Congratulations to PhD student David Hummel whose paper "Bridging the Divide: Does Social Capital Moderate the Impact of Polarization on Health" with Timothy Fraser, Dr. Costas Panagopoulos, Dr. Daniel P. Aldrich (NU Political Science Department) and Dr. Daniel Kim (Bouvé College of Health Sciences & School of Public Policy and Urban Affairs) has been accepted to Political Research Quarterly.

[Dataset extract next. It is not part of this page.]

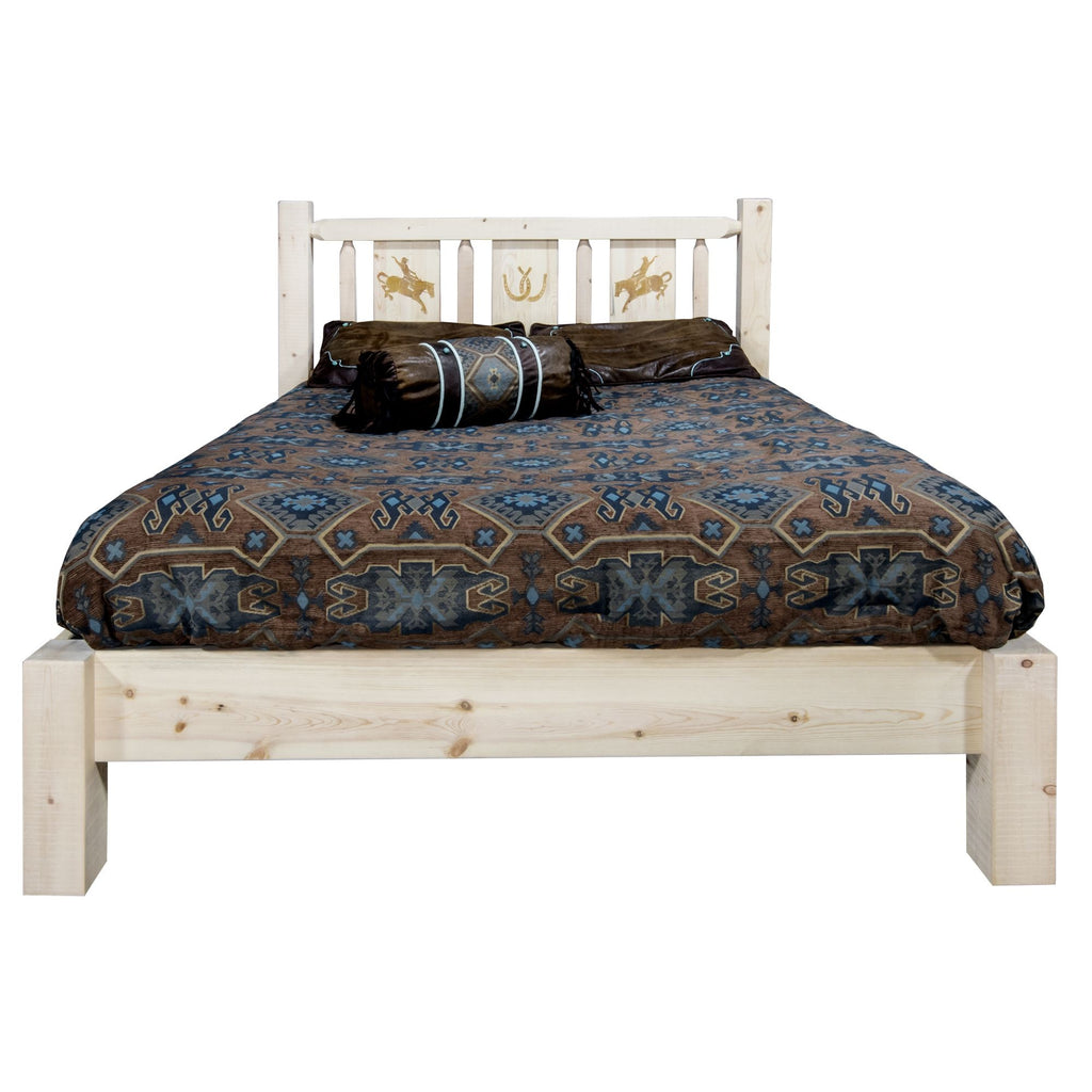 Homestead Collection Full Platform Bed W/ Laser Engraved Bronc Design, Ready To Finish
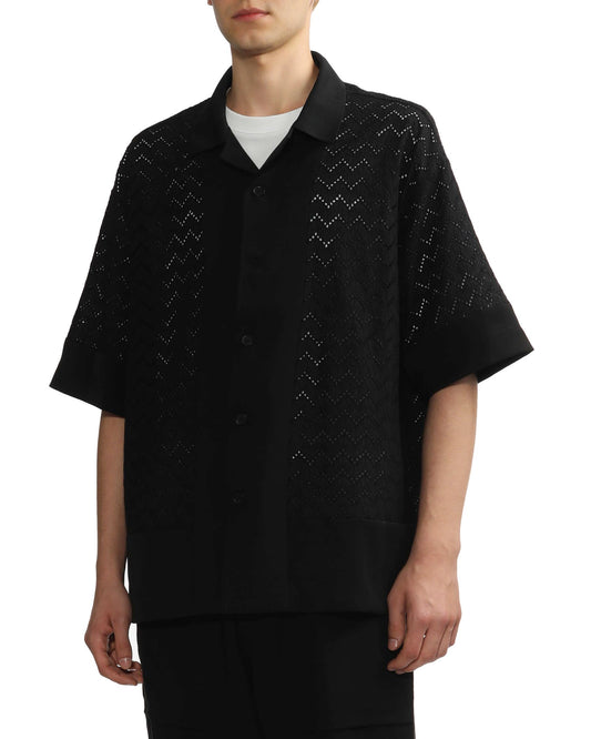 SaleFIVE CMFIVE CM Men's Eyelet Poplin Patch Shirt in Black

Bridging the Divide: Does Social Capital Moderate the Impact of Polarization on Health

Abstract: 

Rising partisan polarization in the American public over the last decade has been linked to stress and anxiety, raising questions about how communities and public health experts should respond. As the strength of an individual’s social network correlates with better health outcomes, could building a diverse set of connections moderate the effect of political polarization on an individual’s health? This study examines the role of social capital as a key intervening variable in the relationship between polarization and health. Drawing on a nationally-representative survey of 2,752 US residents conducted in December 2019 compared with county level data, we use negative binomial, logit, and gamma models to examine the interaction between indicators of political polarization and bonding, bridging, and linking social capital on physical and mental health outcomes. We find consistent evidence that bonding social ties intervene to improve the physical and mental health of individuals in polarized communities, while bridging ties are related to worse health for politically isolated residents. By highlighting the relationship between polarization, social networks, and health, our findings shed light on how public health experts, and policymakers can improve health outcomes in polarized communities.